It's a master built. It lists the pork as a shoulder butt. I was going to cut it so it would fit. Helping cook time is a great benefit. Should I trim it down? I usually trim excessive fat. 

I plan to use apple on both and then freeze them with some apple juice.


----------



## alex-v (Mar 24, 2005)

NittanyDoug said:


> IShould I trim it down? I usually trim excessive fat.


No, no and no. Do not trim the fat. There is no excess fat to trim. Remember when cooking pork that "pork fat rules".

Pork fat is what helps to keep the meat moist. Pork fat also has the benefit of being a good absorber of spices and flavorings that you are adding to the meat.

Read up on all the threads on the cooking forum on this msg board and see how often people complain about their pork becoming dry and tasteless. Lack of pork fat.

Because of misconceptions by the average American household cook they have been asking for pork with less fat. American pork farmers have been breeding meat hogs for less fat to meet that misconception and we now have dry pork to often. Maybe you do not remember it but years and years ago we could buy pork fat for sausage making but not anymore. The sausage companies are buying it up before it can hit the retail market because the pork they use does not have enough fat for most sausages.



NittanyDoug said:


> I plan to use apple on both and then freeze them with some apple juice.


Are you meaning to freeze left over meat in some apple juice?? Interesting. Something I will have to think about.



NittanyDoug said:


> I'm going to do the chicken pulled style.


You mean that you will be shredding the chicken after it is cooked rather than serving it as pieces??

If so, you could still cook it over beer cans. That would cook it faster, more evenly, cook it so it is moister and (best of all) give it some great flavors.


----------



## DEDGOOSE (Jan 19, 2007)

NittanyDoug said:


> It's a master built. It lists the pork as a shoulder butt. I was going to cut it so it would fit. Helping cook time is a great benefit. Should I trim it down?
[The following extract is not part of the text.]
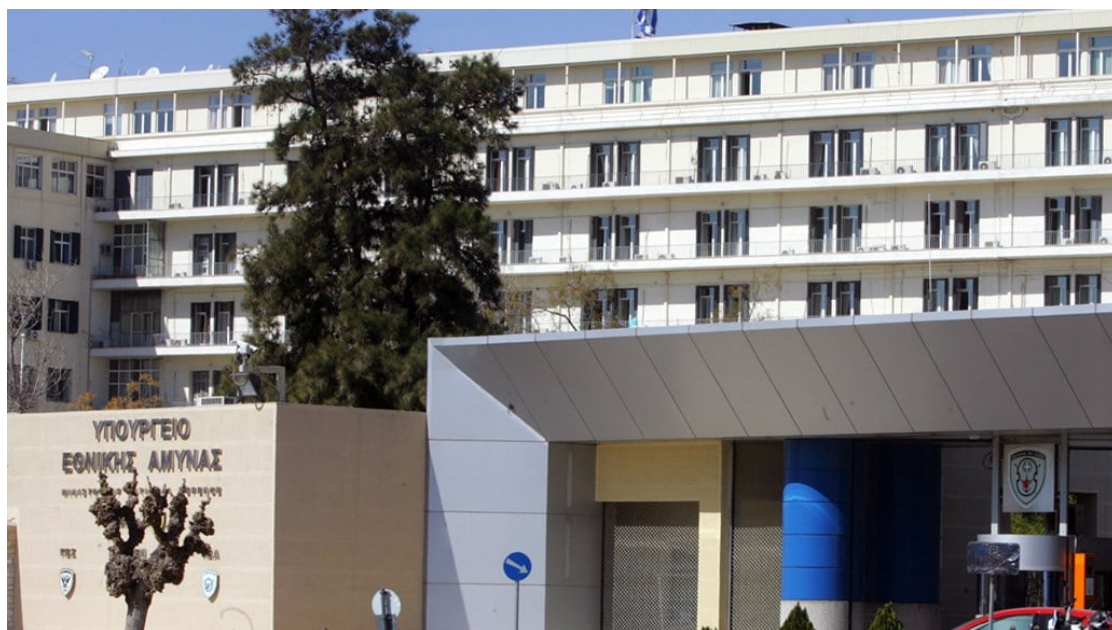
Εικόνα 16 Το Υπουργείο Εθνικής Άμυνας

Στη δημοσιότητα έδωσε το ΓΕΕΘΑ τα ονόματα των στρατιωτικών που έχασαν τη ζωή τους στο στρατιωτικό ελικόπτερο 9 που έπεσε στο Σαραντάπορο. Σύμφωνα με την ανακοίνωση του ΓΕΕΘΑ: «Την Τετάρτη 19 Απριλίου 2017 πρωινές ώρες, ελικόπτερο του ΣΞ τ. UH-1H, με πέντε επιβαίνοντες, το οποίο εκτελούσε προγραμματισμένη πτήση από τη Λάρισα στην Κοζάνη, κατέπεσε στην περιοχή Σαρανταπόρου Ελασσόνας. Αναλήφθηκε άμεσα επιχείρηση έρευνας-διάσωσης, υπό τον συντονισμό του ΕΘΚΕΠΙΧ/ΓΕΕΘΑ με παρουσία της Πολιτικής και Στρατιωτικής ηγεσίας. Από την επιτόπια έρευνα εντοπίστηκαν τέσσερις σοροί επιβαινόντων, οι οποίες και ταυτοποιήθηκαν ως του Υποστρατήγου Ιωάννη Τζανιδάκη, του Συνταγματάρχη (ΤΘ) Θωμά Αδάμου, του Ταγματάρχη (ΑΣ) Δημοσθένη Γούλα και του Υπολοχαγού (ΑΣ) Κωνσταντίνου Χατζή. Επίσης εντοπίστηκε τραυματισμένη εκτός κινδύνου η Αρχιλοχίας (ΑΣ) Βασιλική Πλεξίδα η οποία και διακομίζεται στο 424 ΓΣΝΣ Θεσσαλονίκης. Ο Αρχηγός ΓΕΣ Αντιστράτηγος Αλκιβιάδης Στεφανής μεταβαίνει στην περιοχή του ατυχήματος. Η επιτροπή διερεύνησης έχει ήδη αναλάβει έργο στην περιοχή ατυχήματος».

I usually trim excessive fat.
> 
> I plan to use apple on both and then freeze them with some apple juice.


I trim if their is excess leaving a thin fat cap, only so much fat is gonna render leaving a hunk you will most likely discard and less rub adhered to the actual meat as that side of rub will be discarded on the outside of a glob of fat.. 

The second part of your post about freezing has me confused.. You plan on cooking at an earlier date for a later event.. The apple juice would be fine.. When resting and shredding your meat, save any residual juices, pour juices in, vacuum seal.. Day of cooking place vacuum sealed bag of meat in boiling water until hot and serve.. The vacuum seal ensures minimum moisture is lost in re heating process. 

But your still better off cooking,shredding, serving same day.. 

And please skip the beer can..


----------



## NittanyDoug (May 30, 2006)

I've done the freeze in apple juice before. I use the juice from pulling, add some apple juice or cider and freeze it over night then I vacuum seal it. 

The chicken will be smoked and pulled as well. 

I always leave some fat but I agree with dedgoose that if it's too much that I'd be throwing out and not getting seasoning on the meat. I'll trim it not make it devoid of fat.

I agree doing it the same day is best but timing just doesn't work out.


----------